AI: Financial analysts will be replaced or augmented by LLMs, see $2.5B AlphaSense
The real promise of LLMs in financial analysis isn't just replicating what a human analyst can do, but uncovering insights that humans miss
Hi Fintech Futurists —
Today we highlight the following:
AI: LLMs officially outperform financial analysts - can live audio and video analysis take them further?
LONG TAKE: What Apple's AI push means for Fintech and Privacy
PODCAST: What makes a successful AI investor, with Fusion Fund Founder Lu Zhang
CURATED UPDATES: Machine Models, AI Applications in Finance, Infrastructure & Middleware
To support this writing and access our full archive of newsletters, analyses, and guides to building in the Fintech & DeFi industries, see subscription options here.
In Partnership
Ground-breaking research from Cornerstone Advisors and TruStageTM uncovers the impact of embedded loan payment insurance on lenders:
Reduce defaults
Attract borrowers at a lower cost
Increase revenue
Attract more capacity
Differentiate offerings
AI: LLMs officially outperform financial analysts - can live audio and video analysis take them further?

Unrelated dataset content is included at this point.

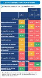 En cuanto a la construcción, los datos presentan un panorama mixto. Mientras los despachos de cemento retrocedieron un 1,8% respecto de enero, el Índice Construya mostró un crecimiento del 15,9%, lo que sugiere una dinámica heterogénea dentro del sector.
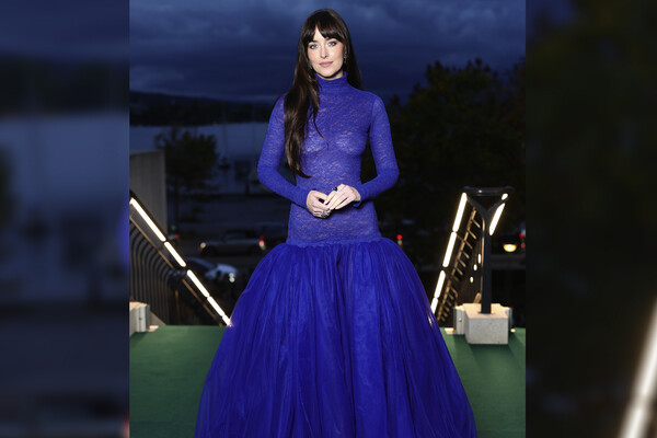 Дакота Джонсон появилась на мероприятии в ярко-синем платье с облегающим прозрачным верхом и пышной юбкой, отказавшись от бюстгальтера. Волосы ей распустили и сделали вечерний макияж с угольно-черными стрелками и подводкой.

Since ChatGPT went mainstream, there has been much debate about whether large language models (LLMs) can make informed financial decisions.
Most papers on GPT-based earnings and stock predictions lack a robust methodology — they overlook factors like statistical significance, proper accuracy metrics, and LLM flaws such as consistency and hallucination. This usually leads to overly positive results, causing many of these papers to be viewed with suspicion. Previous research about using neural networks, tree methods, or Naïve Bayes for earnings predictions employed much more rigorous methodologies.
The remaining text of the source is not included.